**Supplied data:**
╭──

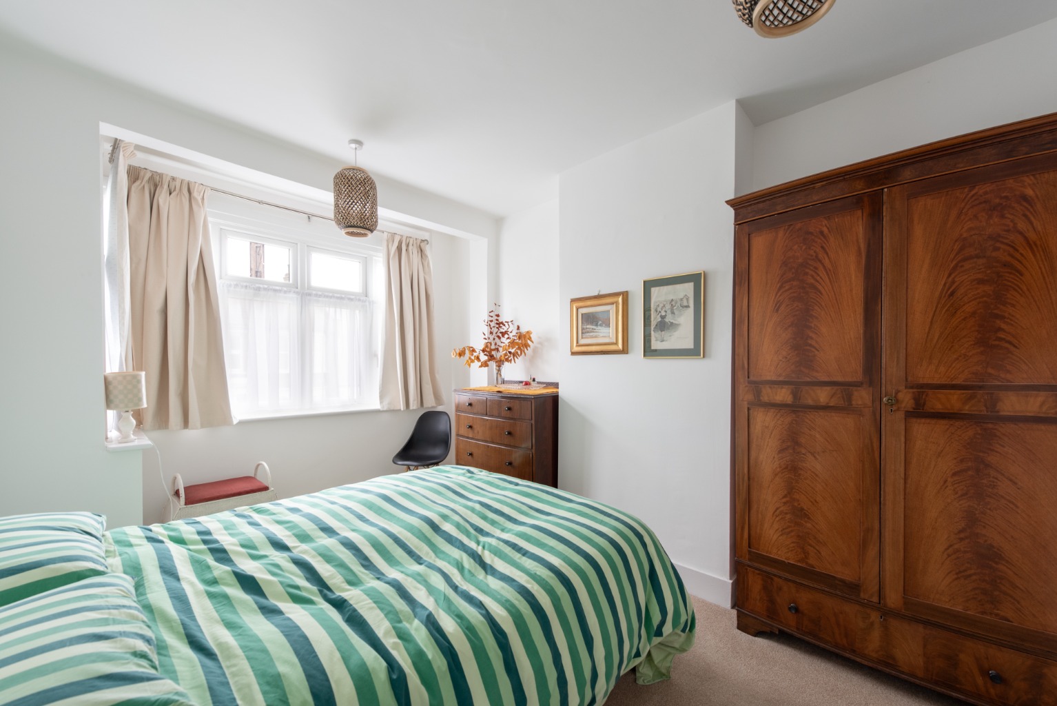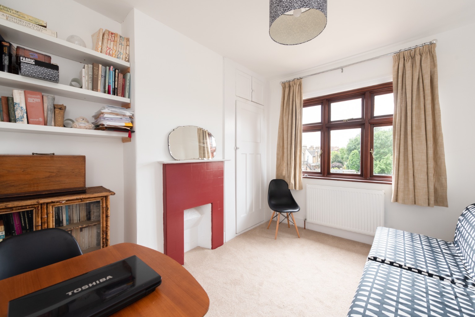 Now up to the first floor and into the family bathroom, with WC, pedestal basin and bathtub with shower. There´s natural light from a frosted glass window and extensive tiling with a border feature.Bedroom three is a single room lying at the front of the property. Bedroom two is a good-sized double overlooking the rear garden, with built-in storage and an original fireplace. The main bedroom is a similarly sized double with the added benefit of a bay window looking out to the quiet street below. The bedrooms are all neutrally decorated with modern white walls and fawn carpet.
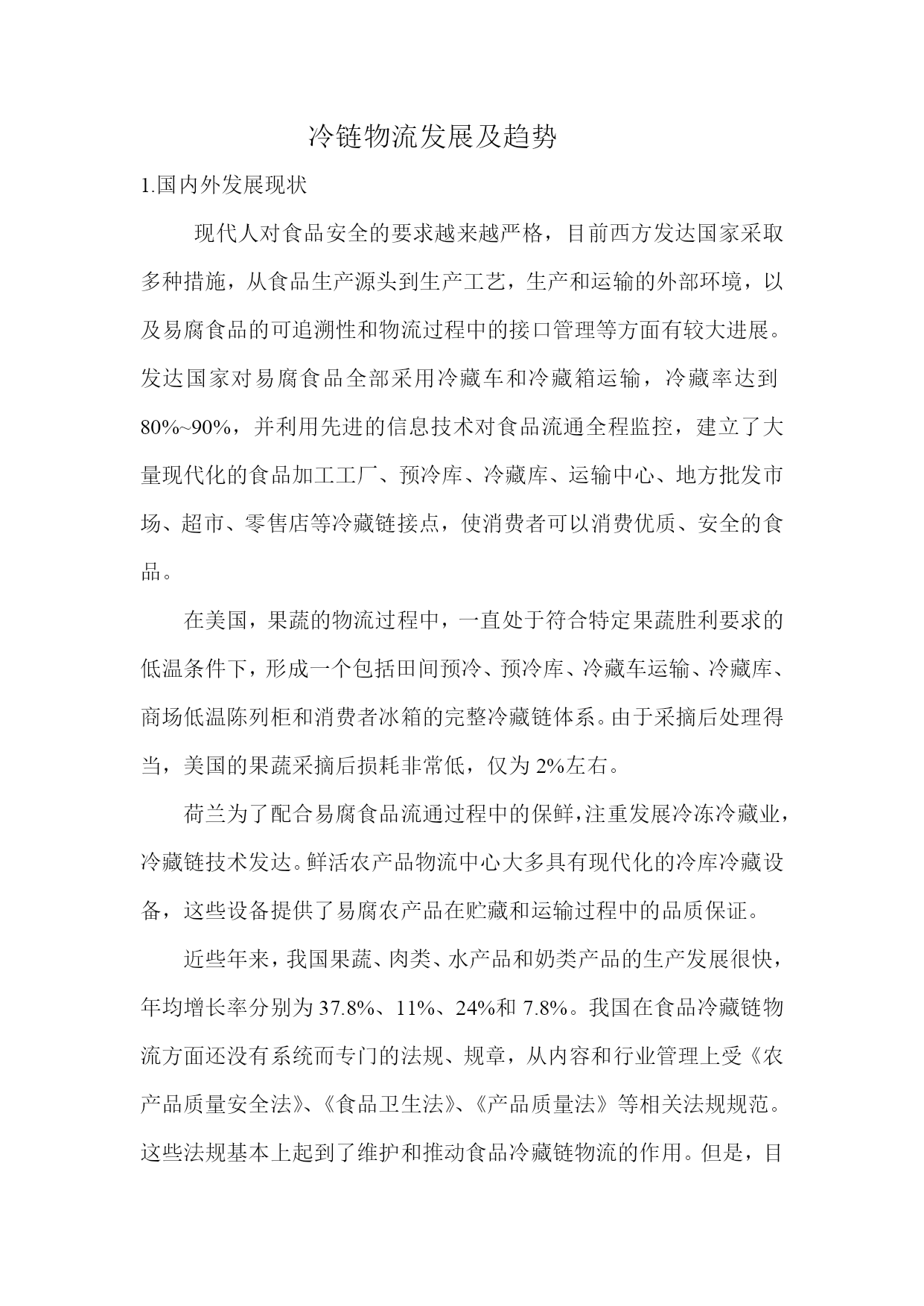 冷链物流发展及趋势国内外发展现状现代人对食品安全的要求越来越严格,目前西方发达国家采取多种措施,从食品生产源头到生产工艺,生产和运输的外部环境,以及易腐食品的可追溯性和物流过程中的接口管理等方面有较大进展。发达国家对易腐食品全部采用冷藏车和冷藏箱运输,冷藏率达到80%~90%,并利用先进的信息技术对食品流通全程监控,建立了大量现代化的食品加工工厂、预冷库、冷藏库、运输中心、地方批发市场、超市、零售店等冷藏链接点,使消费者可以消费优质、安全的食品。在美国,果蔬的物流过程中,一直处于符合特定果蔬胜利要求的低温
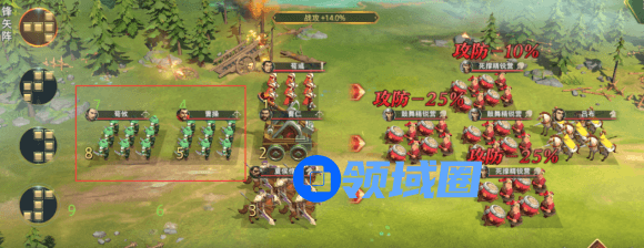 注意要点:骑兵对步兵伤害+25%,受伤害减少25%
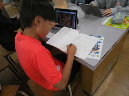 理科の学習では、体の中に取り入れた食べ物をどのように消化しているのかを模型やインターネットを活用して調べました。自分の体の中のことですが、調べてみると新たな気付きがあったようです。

╰──

**Your assignment:**
The answer must consist solely of the lines from the line containing "注意要点:骑兵对步兵伤害+25%,受伤害减少25%" to the end of the data, reproduced exactly, with every picture left out.

**Response below:**
 注意要点:骑兵对步兵伤害+25%,受伤害减少25%
 理科の学習では、体の中に取り入れた食べ物をどのように消化しているのかを模型やインターネットを活用して調べました。自分の体の中のことですが、調べてみると新たな気付きがあったようです。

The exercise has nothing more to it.